DESCRIPTION OF THE TASK
Your response should consist of the entries below, written out exactly.

DATA EXTRACT
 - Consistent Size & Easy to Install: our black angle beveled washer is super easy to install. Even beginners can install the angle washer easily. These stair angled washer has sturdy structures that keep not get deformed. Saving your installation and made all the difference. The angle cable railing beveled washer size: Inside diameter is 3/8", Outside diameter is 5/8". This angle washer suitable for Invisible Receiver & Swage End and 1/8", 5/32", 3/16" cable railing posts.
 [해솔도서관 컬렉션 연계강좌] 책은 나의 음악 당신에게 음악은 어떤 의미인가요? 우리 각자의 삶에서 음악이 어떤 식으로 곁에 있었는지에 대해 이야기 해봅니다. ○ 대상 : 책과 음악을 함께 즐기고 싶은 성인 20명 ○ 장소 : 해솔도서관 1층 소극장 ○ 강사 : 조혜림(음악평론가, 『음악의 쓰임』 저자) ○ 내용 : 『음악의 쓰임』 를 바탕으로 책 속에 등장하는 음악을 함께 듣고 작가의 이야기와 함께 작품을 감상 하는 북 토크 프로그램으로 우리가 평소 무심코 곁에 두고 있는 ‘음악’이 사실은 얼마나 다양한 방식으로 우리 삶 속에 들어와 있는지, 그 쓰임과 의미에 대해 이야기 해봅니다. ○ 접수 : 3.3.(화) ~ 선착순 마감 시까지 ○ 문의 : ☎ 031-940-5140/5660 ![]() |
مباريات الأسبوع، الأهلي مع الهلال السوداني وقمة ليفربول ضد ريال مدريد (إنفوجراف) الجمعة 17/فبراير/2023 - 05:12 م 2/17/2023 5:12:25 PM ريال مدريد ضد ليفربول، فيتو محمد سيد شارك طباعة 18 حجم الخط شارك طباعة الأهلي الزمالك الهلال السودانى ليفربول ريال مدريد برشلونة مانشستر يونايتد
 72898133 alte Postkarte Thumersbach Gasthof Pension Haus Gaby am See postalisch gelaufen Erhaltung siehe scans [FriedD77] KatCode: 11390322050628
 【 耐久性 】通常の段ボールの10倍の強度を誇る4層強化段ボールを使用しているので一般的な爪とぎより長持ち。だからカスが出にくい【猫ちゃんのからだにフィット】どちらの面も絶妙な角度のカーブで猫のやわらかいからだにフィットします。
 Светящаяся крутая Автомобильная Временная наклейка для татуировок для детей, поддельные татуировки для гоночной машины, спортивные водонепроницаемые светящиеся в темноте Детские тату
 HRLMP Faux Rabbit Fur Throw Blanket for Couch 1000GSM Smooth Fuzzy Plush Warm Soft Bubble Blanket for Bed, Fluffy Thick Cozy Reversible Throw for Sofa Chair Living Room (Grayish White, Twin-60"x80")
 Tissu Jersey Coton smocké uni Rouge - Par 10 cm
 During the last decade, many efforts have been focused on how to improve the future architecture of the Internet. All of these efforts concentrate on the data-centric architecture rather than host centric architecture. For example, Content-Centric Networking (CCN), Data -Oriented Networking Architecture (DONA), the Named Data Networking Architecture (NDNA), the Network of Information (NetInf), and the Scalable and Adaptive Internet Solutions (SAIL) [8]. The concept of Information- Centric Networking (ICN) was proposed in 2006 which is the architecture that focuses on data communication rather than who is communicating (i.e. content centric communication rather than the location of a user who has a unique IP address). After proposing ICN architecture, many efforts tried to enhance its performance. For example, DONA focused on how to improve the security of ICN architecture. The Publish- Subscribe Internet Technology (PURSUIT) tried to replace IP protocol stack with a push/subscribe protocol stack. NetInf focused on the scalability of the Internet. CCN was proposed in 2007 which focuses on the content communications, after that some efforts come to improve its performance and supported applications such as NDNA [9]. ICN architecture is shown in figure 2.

ANSWER SPACE
 - Consistent Size & Easy to Install: our black angle beveled washer is super easy to install. Even beginners can install the angle washer easily. These stair angled washer has sturdy structures that keep not get deformed. Saving your installation and made all the difference. The angle cable railing beveled washer size: Inside diameter is 3/8", Outside diameter is 5/8". This angle washer suitable for Invisible Receiver & Swage End and 1/8", 5/32", 3/16" cable railing posts.
 [해솔도서관 컬렉션 연계강좌] 책은 나의 음악 당신에게 음악은 어떤 의미인가요? 우리 각자의 삶에서 음악이 어떤 식으로 곁에 있었는지에 대해 이야기 해봅니다. ○ 대상 : 책과 음악을 함께 즐기고 싶은 성인 20명 ○ 장소 : 해솔도서관 1층 소극장 ○ 강사 : 조혜림(음악평론가, 『음악의 쓰임』 저자) ○ 내용 : 『음악의 쓰임』 를 바탕으로 책 속에 등장하는 음악을 함께 듣고 작가의 이야기와 함께 작품을 감상 하는 북 토크 프로그램으로 우리가 평소 무심코 곁에 두고 있는 ‘음악’이 사실은 얼마나 다양한 방식으로 우리 삶 속에 들어와 있는지, 그 쓰임과 의미에 대해 이야기 해봅니다. ○ 접수 : 3.3.(화) ~ 선착순 마감 시까지 ○ 문의 : ☎ 031-940-5140/5660 ![]() |
مباريات الأسبوع، الأهلي مع الهلال السوداني وقمة ليفربول ضد ريال مدريد (إنفوجراف) الجمعة 17/فبراير/2023 - 05:12 م 2/17/2023 5:12:25 PM ريال مدريد ضد ليفربول، فيتو محمد سيد شارك طباعة 18 حجم الخط شارك طباعة الأهلي الزمالك الهلال السودانى ليفربول ريال مدريد برشلونة مانشستر يونايتد
 72898133 alte Postkarte Thumersbach Gasthof Pension Haus Gaby am See postalisch gelaufen Erhaltung siehe scans [FriedD77] KatCode: 11390322050628
 【 耐久性 】通常の段ボールの10倍の強度を誇る4層強化段ボールを使用しているので一般的な爪とぎより長持ち。だからカスが出にくい【猫ちゃんのからだにフィット】どちらの面も絶妙な角度のカーブで猫のやわらかいからだにフィットします。
 Светящаяся крутая Автомобильная Временная наклейка для татуировок для детей, поддельные татуировки для гоночной машины, спортивные водонепроницаемые светящиеся в темноте Детские тату
 HRLMP Faux Rabbit Fur Throw Blanket for Couch 1000GSM Smooth Fuzzy Plush Warm Soft Bubble Blanket for Bed, Fluffy Thick Cozy Reversible Throw for Sofa Chair Living Room (Grayish White, Twin-60"x80")
 Tissu Jersey Coton smocké uni Rouge - Par 10 cm
 During the last decade, many efforts have been focused on how to improve the future architecture of the Internet. All of these efforts concentrate on the data-centric architecture rather than host centric architecture. For example, Content-Centric Networking (CCN), Data -Oriented Networking Architecture (DONA), the Named Data Networking Architecture (NDNA), the Network of Information (NetInf), and the Scalable and Adaptive Internet Solutions (SAIL) [8]. The concept of Information- Centric Networking (ICN) was proposed in 2006 which is the architecture that focuses on data communication rather than who is communicating (i.e. content centric communication rather than the location of a user who has a unique IP address). After proposing ICN architecture, many efforts tried to enhance its performance. For example, DONA focused on how to improve the security of ICN architecture. The Publish- Subscribe Internet Technology (PURSUIT) tried to replace IP protocol stack with a push/subscribe protocol stack. NetInf focused on the scalability of the Internet. CCN was proposed in 2007 which focuses on the content communications, after that some efforts come to improve its performance and supported applications such as NDNA [9]. ICN architecture is shown in figure 2.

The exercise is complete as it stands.